Démoniaque, la voiture influe sur Arnie durant l'intégralité du long-métrage, lui faisant gagner en assurance tout en prenant le contrôle du personnage, le faisant sombrer toujours plus dans l'excès… on pourrait presque y voir une relation dominant/dominé. Tout commençant par un simple “coup de foudre” d'Arnie pour Christine, affirmant dans un premier temps que « Pour la première fois j'ai trouvé un truc qui est plus moche que moi » (j'aimerais pouvoir dire la même chose) pour finir par laisser tomber ses lunettes et s'habiller comme James Dean… bon après, il m'a aussi fait penser à Doofy dans le premier Scary Movie lors de certains plans. Plus sérieusement, c'est intéressant de noter que c'est davantage Arnie qui a besoin de Christine que l'inverse : la voiture pouvant très bien se conduire d'elle-même, surtout quand il s'agit d'éliminer les bullies qui l'ont détruite quelques jours plus tôt.

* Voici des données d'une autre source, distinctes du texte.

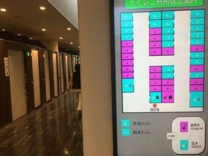 5. Flera offentliga toaletter är utrustade med en digital karta som visar vilka toalettbås som är upptagna och vilka som är lediga.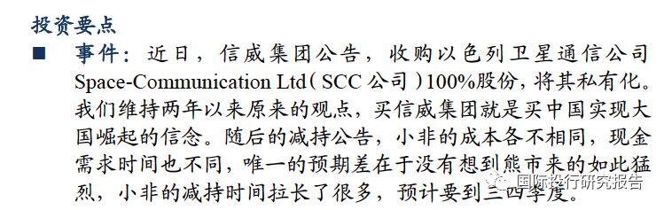 信威集团拟通收购以色列通讯卫星运营商——以色列空间通信100%的股份。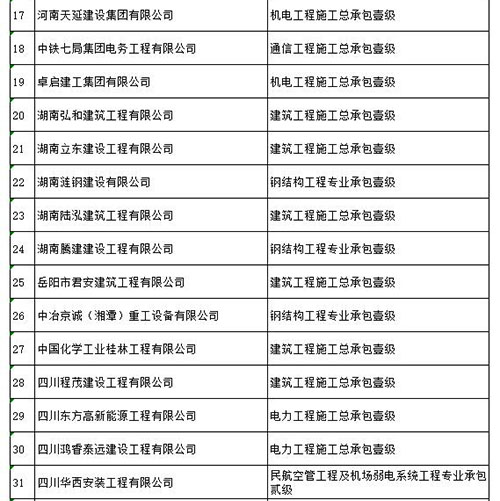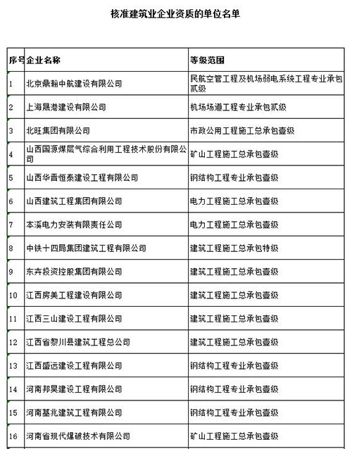 附:核准建企资质名单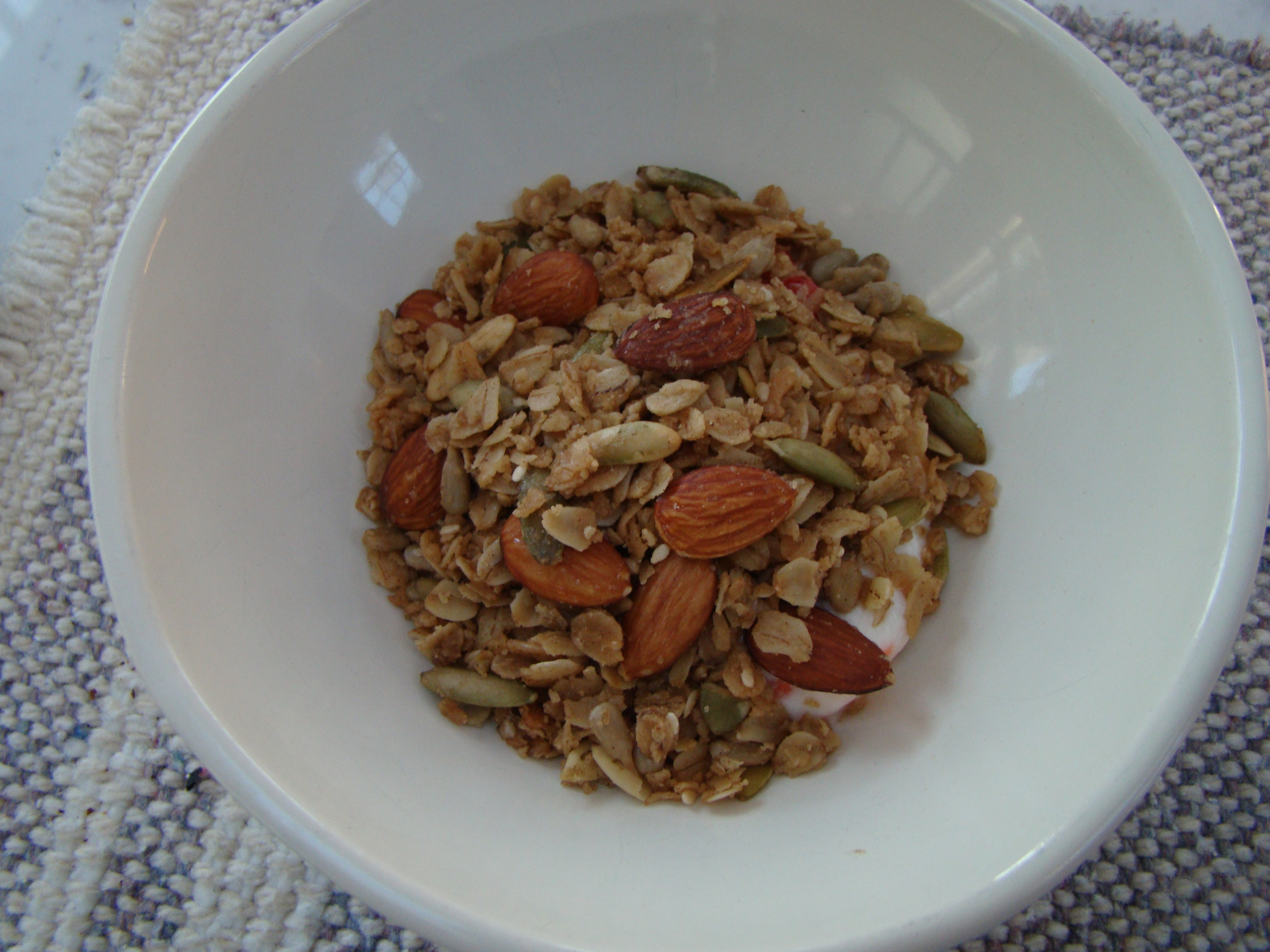 On weekdays, breakfast is simple. The menu varies by mood, but is usually the same for weeks or months at a time. Then, feeling a rut coming on, I change it. I always have fresh fruit: half a grapefruit this time of year, switching to berries or melon in season. I also have a small bowl of plain yogurt with some homemade fruit jam stirred in. For substance, I have toast with cheese (rye bread is my favorite) or a bowl of cereal. Last week, I felt a granola phase coming on.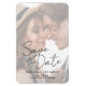 This modern, minimalistic wedding Save the date card features an elegant script front. It plays with the simplicity of a black and white typography design. In the back, you can add your wedding website information as well as a QR code for your guests to scan. It's the perfect choice for couples who appreciate clean and modern elegance. For any special design needs, feel free to get in touch with the designer directly by emailing choosehappystudio@yahoo.com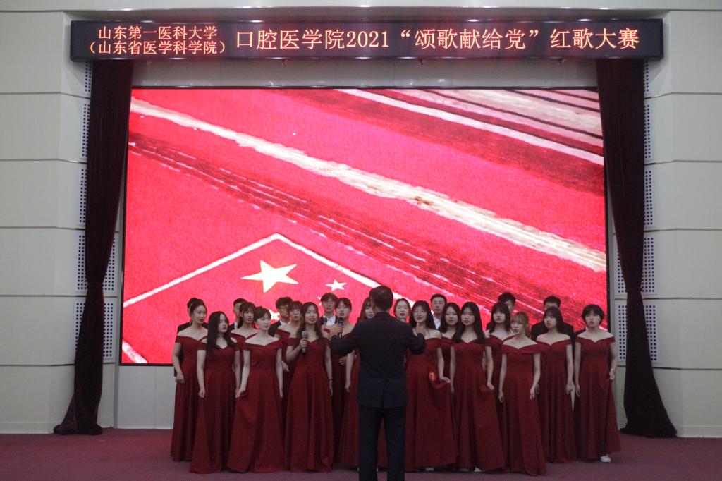 大赛在开场舞《九儿》中拉开序幕,优美的舞姿带给我们一场视觉盛宴。随后是医药管理学院带来的《少年》,阳光向上的语句调动了全场的气氛,展现了新时代青年的希望、力量和信仰;公共卫生与健康管理学院带来的《强军战歌》铿锵豪迈、意气风发,让我们坚定“强军”信念;放射学院演唱的《灯火里的中国》描绘了一副阳光满路、温暖如初的新征程壮美画卷;基础医学院的《映山红》点燃了火红的瑰丽青春;口腔医学院的《把一切献给党》赞美了中国共产党带领中国人民不断开拓创新,功垂千秋的历史业绩,唱出了对祖国的热爱,唱出了一个真正共产党员的心声。

D'ailleurs, si on y réfléchit quelques secondes, et si on part du principe que Christine est bel et bien un personnage, les bullies n'ont pas fait que la “détruire”.
Par corollaire, l'une des autres forces de Christine, c'est son mélange des genres. Outre le triptyque classique épouvante/thriller/fantastique chère à King et Carpenter, on peut aussi y voir du rape and revenge, mais aussi du slasher : Christine éliminant chacun de ses opposants d'une manière différente.

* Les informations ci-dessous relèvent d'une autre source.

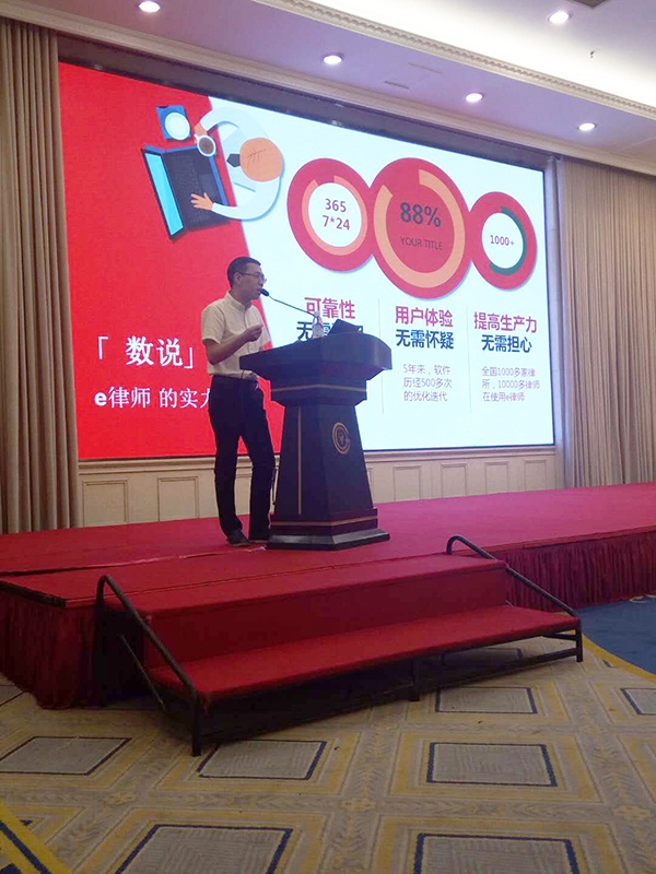 緊接著由浙江律聯信息科技有限公司董事長:程素華先生就上述話題,為在場嘉賓闡述了如何通過互聯網科技來助力法律服務,作《e律師管理系統如何提升律所管理》的主題分享。

Bref, j'ai été pleinement conquis par ce Christine de John Carpenter. Ç'a beau être un film qu'il a tendance à renier, à trouver impersonnel, je crois que c'est l'un de mes préférés de sa part. Surtout que, film de commande ou pas, on retrouve la patte du bonhomme, sa manière de filmer, mais aussi sa BO : et comme toujours avec lui, elle est irréprochable ! De surcroit, pour un long-métrage de 1983, je trouve que ç'a très bien vieilli : on a beau savoir que ç'a été tourné dans les années 80, le film ne tombe à aucun moment dans le kitsch, seul Keith Gordon a tendance à surjouer mais on ne tombe pas dans le ridicule pour autant, les jeux de lumières sont irréprochables, et l'utilisation d'une Plymouth Fury 1958 contribue à rendre ce film intemporel. Stephen King avait choisi ce modèle, car tombé dans l'oubli : bravo à lui, il est devenu légendaire grâce à Christine.